Once you’ve decided on what timeline you’d like to follow and are finally ready to introduce your partner to your children, follow these rules to help you make it a success:
1. Take it slow.
When my now husband first met my kids, it was unplanned.
I arrived home from Sunday morning church with my twin toddlers only to discover that my house had been broken into, and I’d likely interrupted the thief in the middle of it as very little had been taken.
I was shaken, and my house was in disarray. A window had been broken, and several of my cabinets had been opened and everything inside dumped on the floor.
I wanted someone there to help me feel safe, and I needed help dealing with my children while I tried to clean up.
So I called my then boyfriend, and he came right over.
He wonderfully handled a lot of the cleaning up and talking to the cops while I kept my children out of the way and then put them down for a nap.
It was too “early” in our relationship to introduce him to them officially since we hadn’t been together six months yet (which was the marker I’d decided to follow originally), but we were serious and had already talked about a future together. Sometimes, too, things just happen.
For that reason, my partner was just “mommy’s friend.” We weren’t physically affectionate with each other, and while he did play with them, it was on their terms.
Eventually, we moved to my children seeing my partner for longer stretches, and being affectionate with each other around them. Because we didn’t force anything, my kids now love to see my partner and ask about him when he isn’t there.
2. Reassure as necessary.
My children were young, but I still dealt with my daughter being jealous. Like when she told my partner emphatically, “No, my mommy,” and pulled me away from him.

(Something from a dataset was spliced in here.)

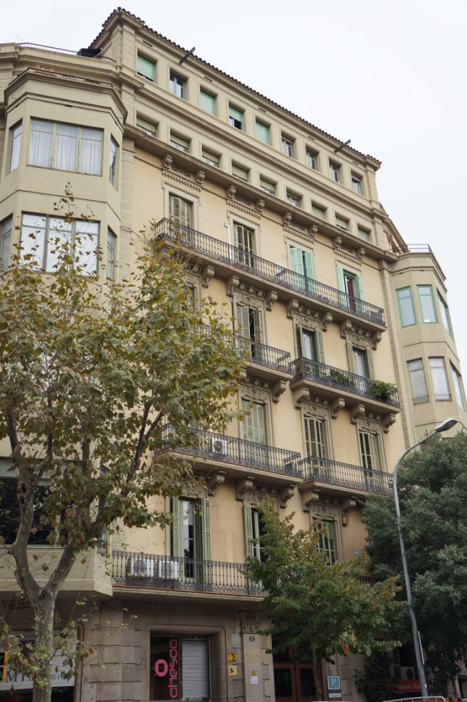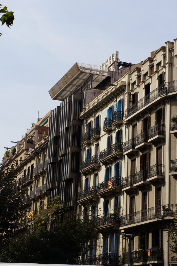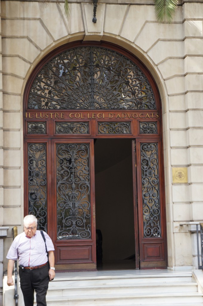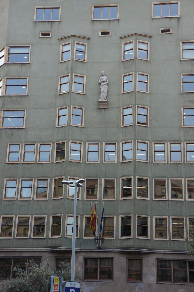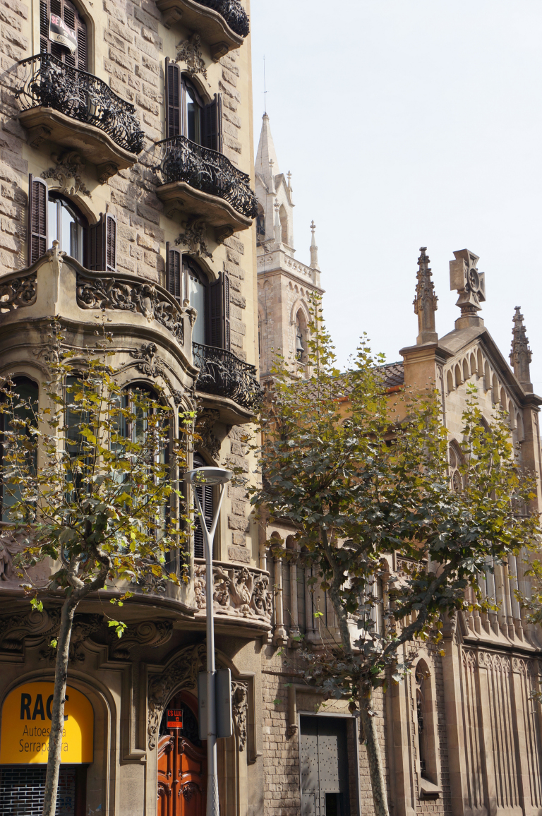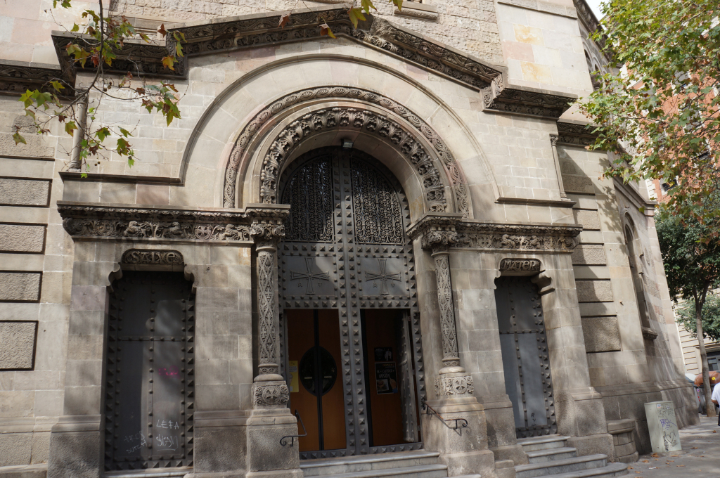 We kept walking along Carrer de Casp with the white columned building at number 46 catching our attention. We continued looking upwards at the intricate stone work of the Church of the Sacred Heart and the contrasting Brutalist blandness of the Ministry of Justice of Catalonia.

I’ve talked with her about how I am only her mommy and not my then partner’s, and today that is still a running joke between my partner and her:
“My mommy!” my partner says while grasping my arm.
“No, my mommy!” my daughter says, giggling and grabbing at me.
Depending on the age of your children, they may need to be reassured that you are not choosing your partner over them. They may need special time with you as they adjust.
Likewise, your children may need to be reassured that your partner isn’t going to replace their other parent. Letting them know that their relationship with their mommy or daddy is important and won’t change could be helpful in assuaging their worries.
3. Set Rules for Your New Family.
My children have a father who is very active in their lives, so I do not in anyway expect my now husband to step in as my children’s father.
But my partner and I still had to and continue to have to discuss how we will handle expectations, discipline, etc. with my children. For example, I handle the discipline as my husband is not their father.
My now husband and I have worked together on setting those rules, and they continue to change as my children grow.
Dating with children is a different frontier if the last time you did it you were unencumbered. It’s important you give yourself time to focus on your new relationship and if it’s what you really want before you bring your kids into it.
If your new partner is great and you take things slowly, your children will see how great he is too!